Biological Survey of Identified Genes in T. cruzi
When searching for sequence similarities in public databases,
~20% of the T. cruzi transcripts could be assigned a
putative identity (Table 3). These identities were
classified into different groups according to function (a list is
available at http://www.genpat.se/tryp/tryp.html). A representation of
the functional groups is shown in Figure 1.
|
|
A large fraction of genes with putative identity encoded proteins involved in translation (24%), including 61 ribosomal proteins, initiation and elongation factors, and proteins involved in tRNA synthesis.
An interesting group for gene regulatory processes in trypanosomes is the proteins involved in transcription and RNA processing, which amounted to 6% of transcripts and included several RNA polymerase subunits, RNA-binding proteins, and splicing factors.
About 4% of the functionally classified transcripts showed similarities to proteins involved in signal transduction, including multiple rab proteins and MAP kinases. A total of 17 novel genes with similarities to cyclophilins, kinesin-like proteins, and cell division checkpoint proteins were identified among proteins involved in cell cycle regulation and division.
A small group encoded enzymes involved in detoxification. Enzymes unique for trypanosomes participating in the trypanothione biosynthesis, such as glutathionyl spermidine synthetase and trypanothione synthetase, were found. Several thioredoxin-like proteins and different peroxidases were also identified.
Eleven percent of the transcripts were involved in energy metabolism. Multiple ATP synthase subunits, cytochrome C components, and cytochrome 450 were present.
New genes involved in the transport machinery, the secretory pathway, and degradation of proteins were identified and should facilitate studies of these less-defined processes in T. cruzi. Five ABC transporters previously not described were identified among the T. cruzi transcripts. Among genes involved in cellular organization, several subunits of dynein were identified.

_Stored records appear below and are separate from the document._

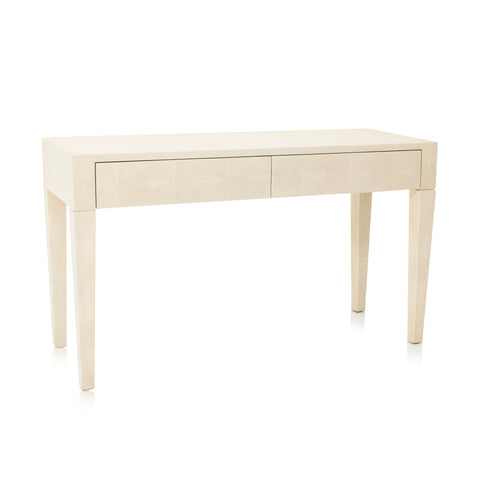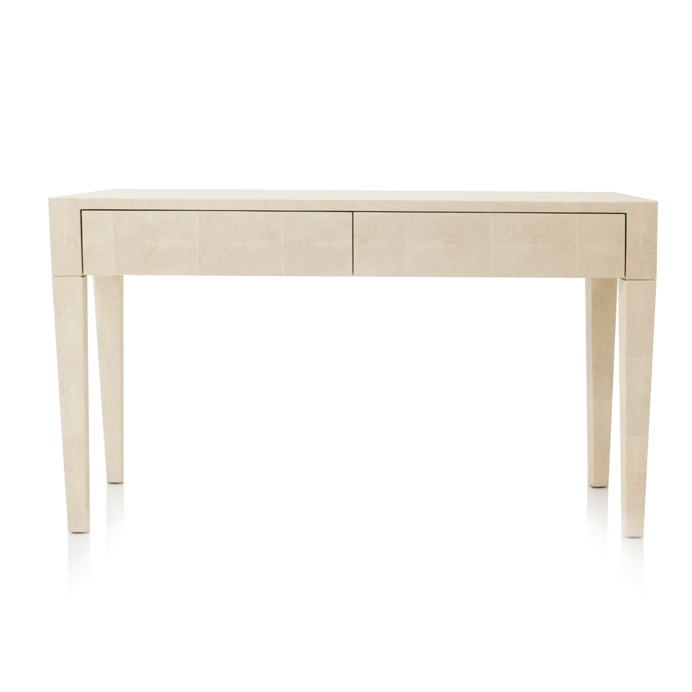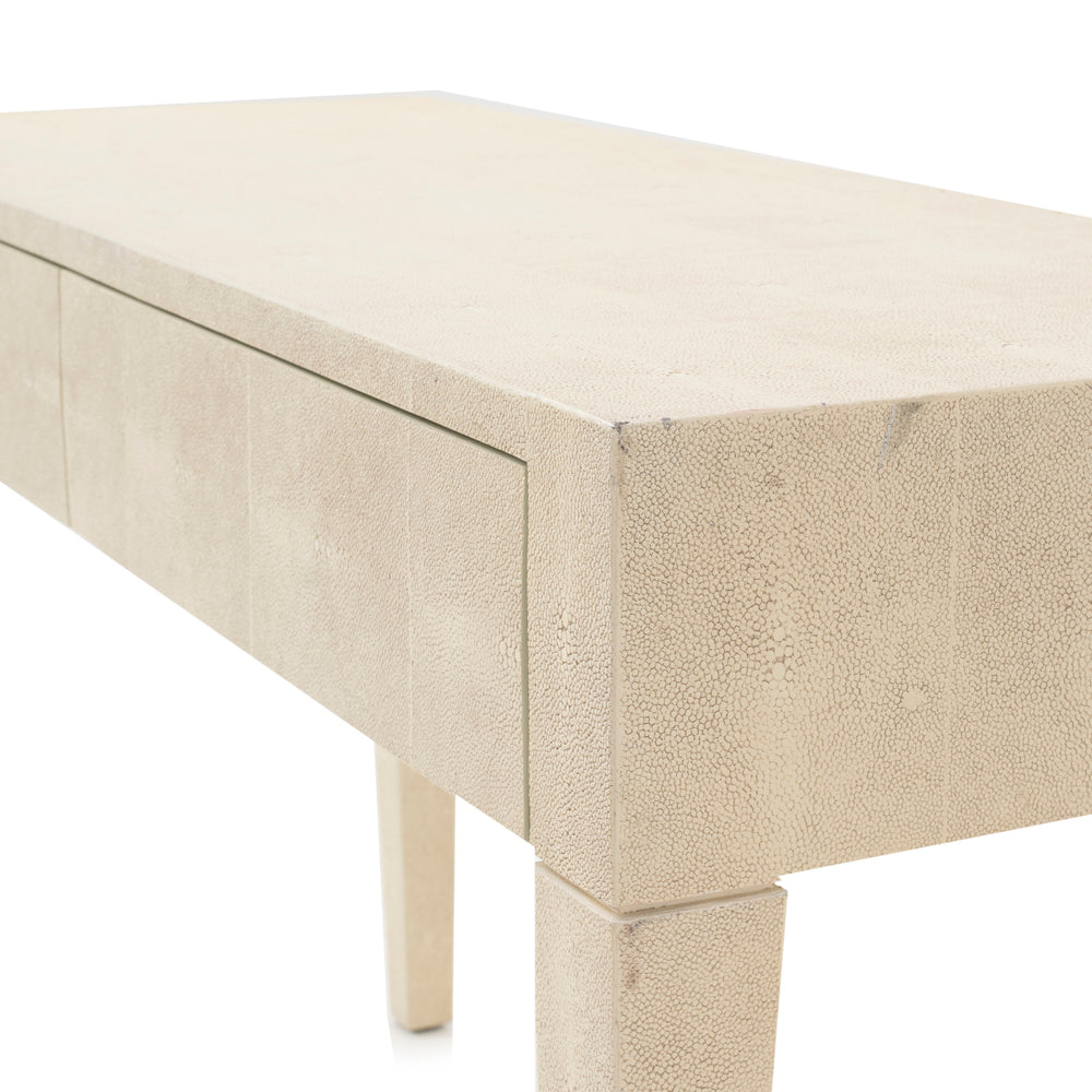 Details: Cream Textured Leather Console Table Dimensions: 31" H x 54" W x 20" D Quantity: 1
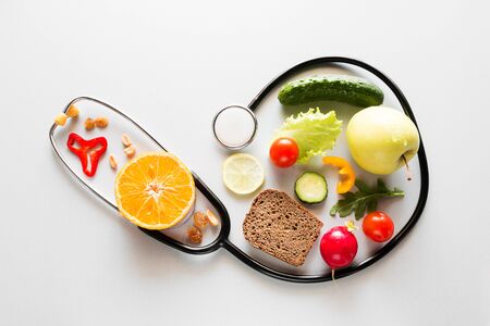 fresh fruits and vegetables and stethoscope healthy eating concept
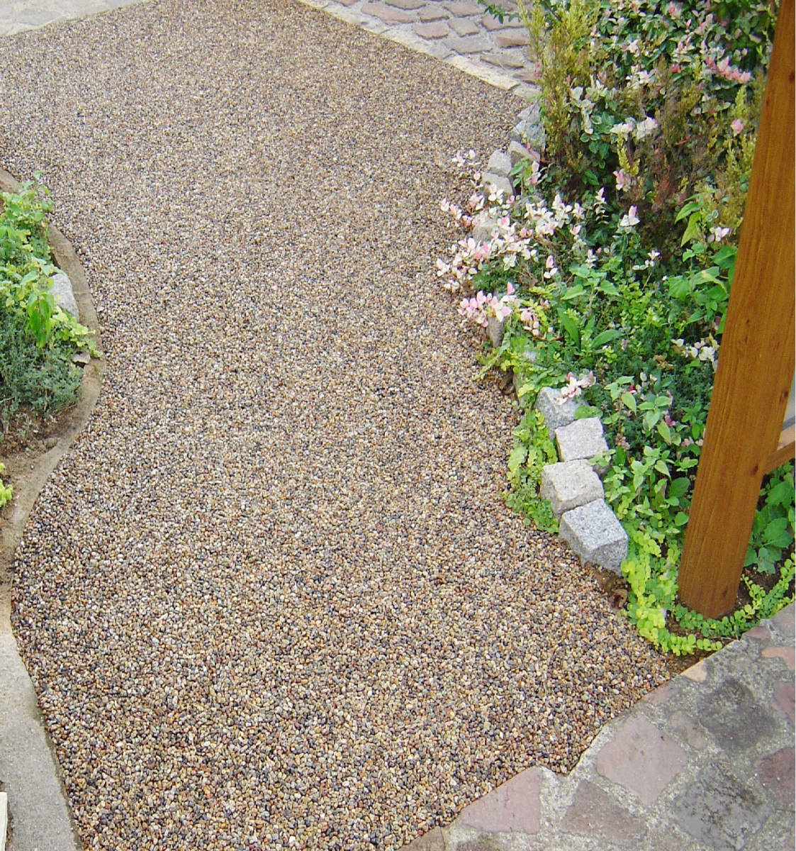 ※ 庭の雑草対策には、土の下地に砕石を50㎜厚程度で敷き固め、2~30㎜厚で、樹脂舗装します。

Comparison of T. cruzi ESTs to the Complete Sets of Genes from a Unicellular and a Multicellular Organism
The T. cruzi transcripts were compared with the protein
sequences of all predicted ORFs from the yeast genome project (Goffeau et al. 1997
) and the genomic sequence of Caenorhabditis elegans (The C. elegans Sequencing Consortium 1998
), amounting to
6217 and 19,099 ORFs, respectively. In total, 14.7% of the T. cruzi genes showed similarity to yeast and C. elegans ORFs
(Table 4). Of these, 12% were shared by all three
organisms and the matches were mainly to proteins with housekeeping functions.
|
The comparisons of this fraction of ESTs to C. elegans and
yeast ORFs are not conclusive, but might give an indication as to which
T.cruzi genes may be shared with other eukaryotes. It is not
possible to draw any conclusions from lack of homologs, which would
also include genes acquired because of the adaptation to life as an
intracellular parasite. The low percentage of similarity between yeast
and the protozoan T. cruzi might reflect the evolutionary divergence of the trypanosomatids similar to what has been suggested for another protozoon, Toxoplasma gondii (Ajioka et al. 1998
). The low percentage could also be due to a lower coding potential of
3'-ESTs compared with 5'-ESTs, estimated from singletons with putative identities to be ~ 40% and 60%, respectively.
Identification of Genes Present in Kinetoplastids
Trypanosomes share a number of unique biological features with other flagellated protozoa of the order Kinetoplastida, such as trans-splicing, RNA editing, and the unusual organization of the mitochondrial DNA in the kinetoplast.
To identify genes that are shared among kinetoplastids, we compared all of the T. cruzi transcripts with a local database containing public DNA sequences from these organisms. After removal of all sequences with homologs in other organisms, 592 transcripts showed similarity to kinetoplastid sequences (Table 4). The search revealed 237 orthologous genes present in one or more kinetoplastids other than T. cruzi, >50% of which were of unknown identity. Among these genes were those encoding surface molecules such as the Gp63-homolog and ESAG from T. brucei. The rest of the hits to kinetoplastid sequences matched only T. cruzi sequences, a majority being genes or repeats of known identity and also previously known to be specific for T. cruzi.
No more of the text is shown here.